Mobile Ad Spending Mobilizes, Albeit At A Slightly Slower Rate

Mobile Advertising Revenue chart

The rate of growth of mobile advertising has slowed considerably over the past several months, but it remains one of the fastest growing emerging mediums on Madison Avenue, according to a new forecast being released today by Interpublic's Magna unit. U.S. advertisers are projected to spend $229 million on mobile media this year, up 26% from $169 million in 2008. Those numbers have been revised downward from Magna's last forecast in July 2008, when it projected that mobile ad spending would rise 43% to $298 million in 2009. Even so, Magna now expects mobile ad spending to nearly double by 2011, when it will reach $409 million.

The forecast, the second in an ongoing series of revisions that will be released over the coming weeks by Magna Global Director of Forecasting Brian Wieser, follows one issued last week that showed a similar slowing of the growth rate of online video advertising - to 32% this year, from Wieser's earlier forecast of 45% - indicates that like the rest of the media economy, the expansion of emerging media platforms has ebbed with the economic recession.

"Although these figures represent downward revisions from our forecast in the middle of last year (prior to the subsequent escalation of the ongoing recession), we expect a re-acceleration in 2010 as the emerging mobile applications market organizes to support the sustained growth of ad-supported apps," Wieser explains in the new report.

In it, he notes that the mobile category isn't actually a single advertising platform, but is an array of a "highly fragmented group of divergent advertising models collectively organized around portable (and primarily cellular network-based) media, a wide variety of trends converge to produce this total."

All of them are being driven by the acceleration of several key variables, including the rise cellular subscriptions, the expansion of mobile Web access, and the explosion of the mobile apps model spurred by the launch of Apple's iPhone, and the ensuing App Store model.

Like other rapidly emerging, but unwieldy new media, Wieser says third part aggregators are racing forward to organize the disparate collection of mobile advertising opportunities into so-called "ad networks," which Wieser notes are currently the "largest sub-sector" within the mobile advertising marketplace, and are expected to experience the greatest growth over the next several years.

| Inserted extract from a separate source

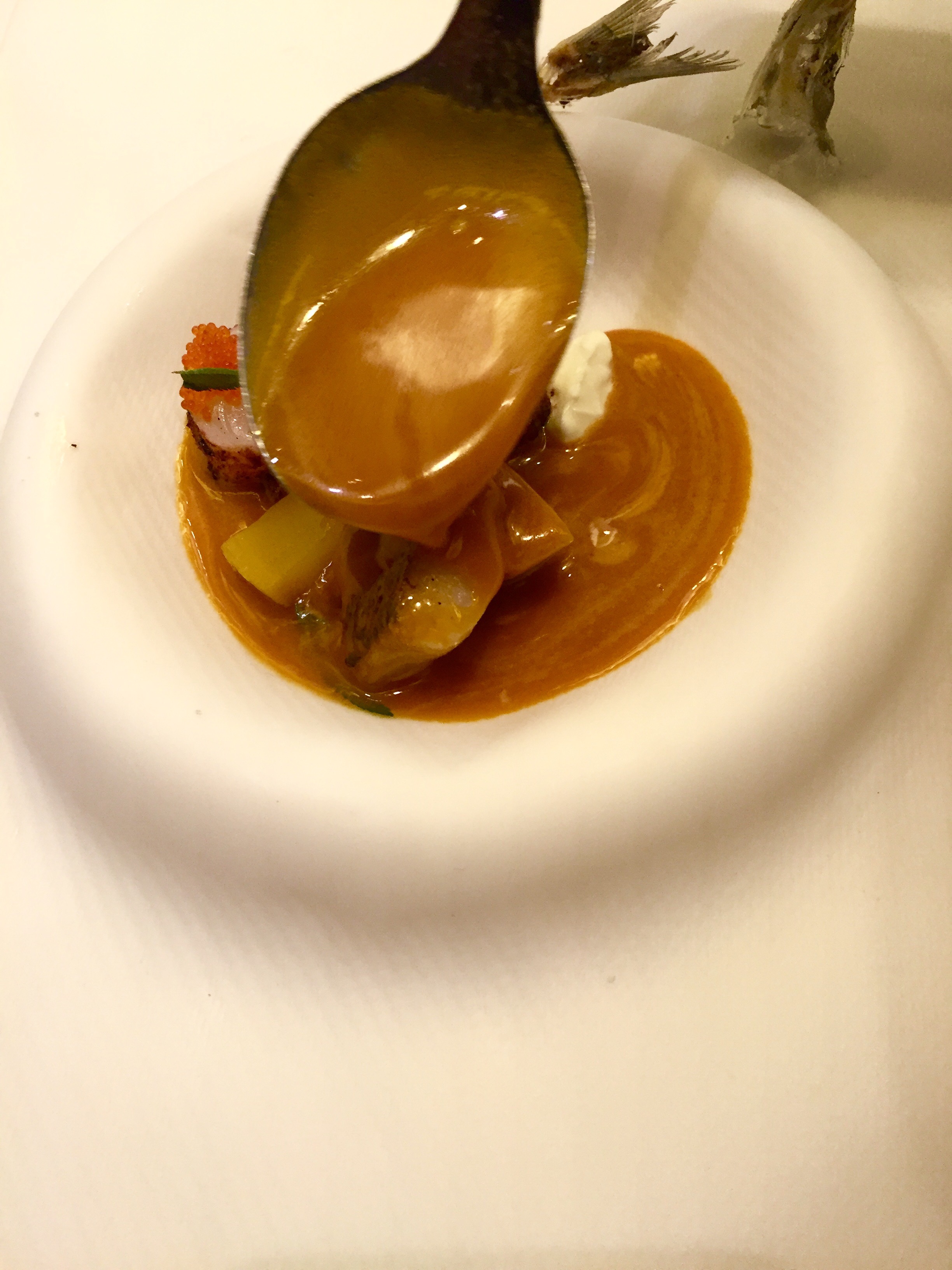 Lienzo 4. Bullabesa gaditana de pescados de roca, naranja agria y cigala tandoori… Olluco y huacatay!!                 1. Cabeza de cigala en ensalada agripicante, papaya e hibiscus. Por si alguien no se había percatado hasta ahora estamos en el mundo de la erudición gastronómica. Este hombre parece conocer todas las cocinas y casi todos los ingredientes y solo él puede mezclar bullabesa con caldillo de perro y los lomos de cigala con esas otras cosas que nunca había comido o no recordaba, yo que me creo tan viajado y… comido… Hablo del olluco y el huacatay, no de la papaya ni del hibisco, quede claro. Esas están en la deliciosa cabeza de la cigala que, con tal preparación, se aprovecha y disfruta como nunca.

"By aggregating billions of advertising impressions on a monthly basis, ad networks represent the most efficient way to sell the largest possible collection of audiences, and thus have become the primary beneficiaries of increasing mobile web consumption," he writes. "At the same time, ad networks have leveraged their expertise into the application world, and can aggregate inventory to sell beyond the mobile web as the small publishers and developers dominating the application business will most typically outsource ad sales to these entities."